»»

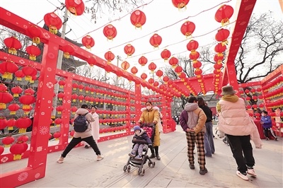 ▲2月4日,市民、游客在街头游玩赏灯。 王晓峰 实习生 王小珂 摄
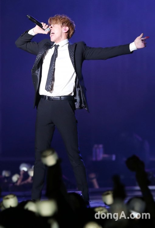 아이돌 그룹 비스트의 양요섭이 29일 오후 서울 올림픽 공원 내 체조경기장에서 열린 단독 콘서트 '2015 뷰티풀쇼'에서 화려한 무대를 꾸미고 있다.
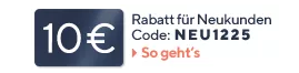 Außerdem gibt es wie gehabt den 10€ Neukundengutschein mit dem Code: NEU1225
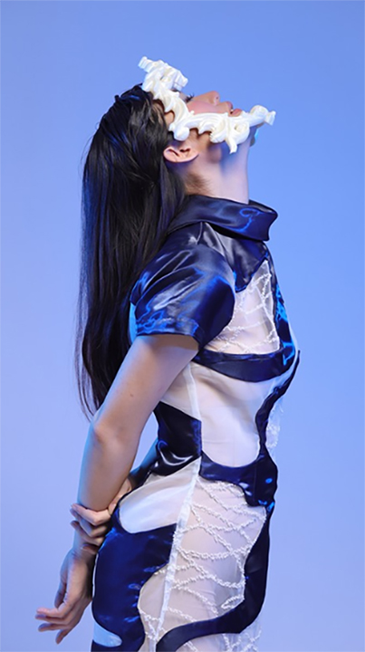 The collection begins with gentle, flowing silhouettes and gradually transforms through 3D-printed forms, building layers that resemble the armor I learned to wear over time. By blending softness with structure, each piece reflects how technology can both conceal and reveal the emotions we carry within.
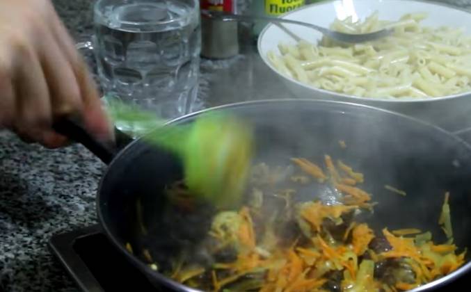 3. Уменьшаем огонь и протушим 5 минут. Так стушилась наша печень с овощами и теперь сюда на сковородку мы добавим макарончики. Перемешиваем и еще оставляем буквально на пару минут. Теперь наши макарончики здесь дойдут с этим соком. И вот такой результат наших стараний очень-очень вкусно и ароматно.Видео рецепт ютуб ниже 👇

««

» **Problem details**: All lines from the first in the listing above to the line containing "Außerdem gibt es", inclusive, go in the output exactly as they are; no pictures go in.

» **Your response**:
 ▲2月4日,市民、游客在街头游玩赏灯。 王晓峰 实习生 王小珂 摄
 아이돌 그룹 비스트의 양요섭이 29일 오후 서울 올림픽 공원 내 체조경기장에서 열린 단독 콘서트 '2015 뷰티풀쇼'에서 화려한 무대를 꾸미고 있다.
 Außerdem gibt es wie gehabt den 10€ Neukundengutschein mit dem Code: NEU1225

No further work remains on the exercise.